DNA was removed from the protein-DNA complexes and seven features were calculated for each amino acid of the protein: (1) Relative solvent accessibility was calculated using NACCESS [18]; (2) Electrostatic potential was calculated using Delphi [19] with the same parameters used in the study of Jones et a. [1]. The electrostatic potential of a residue is defined as the average of the electrostatic potentials at the locations of all its atoms as described in Jones et a. [1]; (3) Sequence entropy at each residue position (the sequence entropy for the corresponding column in the multiple sequence alignment) was extracted from the HSSP database [20]. Sequence entropy is a measure of sequence conservation. The lower the value, the more conserved is the corresponding residue position; (4) Surface curvature at each residue position was calculated using MSP (http://connolly.best.vwh.net/); (5) Pockets on protein surface were detected using Proshape (http://csb.stanford.edu/~koehl/ProShape/download.php). The pocket size of a residue is defined as the size of the pocket that the residue is located in. If a residue is not located in any pocket, then a value of 0 is assigned to the pocket size of the residue; (6) The DALI server [21] was used to search for structural neighbors in the PDB for each of the DNA-binding proteins. The DALI server returned a multiple alignment of the query structure and its structural neighbors. Then, structural conservation score was calculated for each residue position using Scorecons [22] based on the multiple alignment; and (7) position-specific scoring matrix (PSSM) of a protein was built by running 4 iterations of PSI-BLAST [23] against the NCBI non-redundant (nr) database. In the PSSM, each residue position corresponds to 20 values. Thus, in total, each amino acid residue is associated with 26 attributes. All these attributes were normalized to the range of 0[1].

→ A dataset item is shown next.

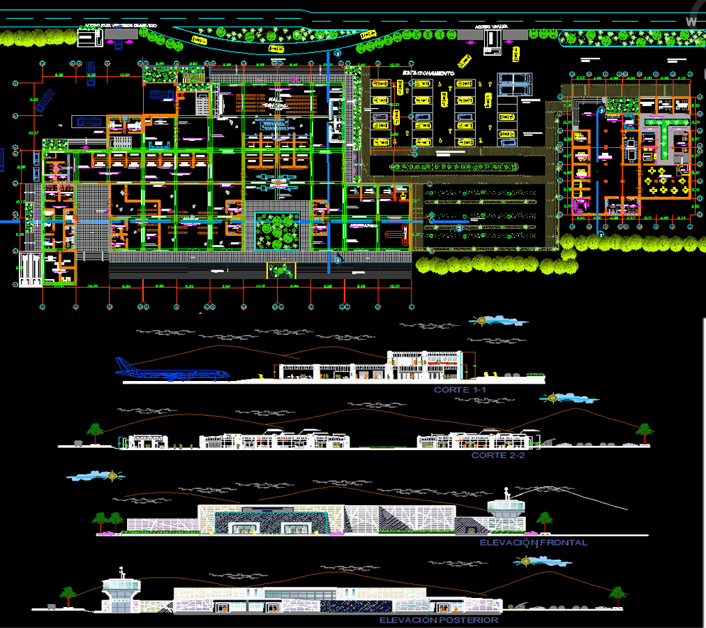 This CAD DWG file features a detailed Peru airport section and elevation layout, showcasing the complete architectural and structural design of the terminal building. The plan includes sectional views highlighting the runway, passenger waiting lounges, check-in counters, and baggage handling zones. The front and rear elevation drawings clearly depict the airport’s façade, terminal entry, and connected structures. This CAD file also provides the layout of essential spaces such as restrooms, ticket counters, customs areas, and control sections, designed with precise dimensioning for professional use.
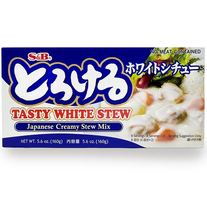 ”White stew” is a dish of stewed meat and vegetables with white sauce, cream or soymilk. This is a block form stew mix made of wheat flours, spices, seasonings, oil and vegetable powder. Simply stir-fry meat and vegetables of your choice, add water and this mix in, stir as they dissolve, add milk and simmer. You can cook a tasty white stew very easily.

### Interface residues and surface residues

Interface residues are defined as in Jones *et al*. [1]. Solvent accessible surface area (ASA) was computed for each residue in the unbound protein (in absence of DNA) and in the protein-DNA complex. A residue is defined to be an interface residue if its ASA in the protein-DNA complex is less than its ASA in the unbound protein by at least 1Å^{2}. A residue is defined to be a surface residue if its relative accessibility in the unbound protein is >5%. In total, 4,337 interfaces residues and 27,248 surface residues were obtained.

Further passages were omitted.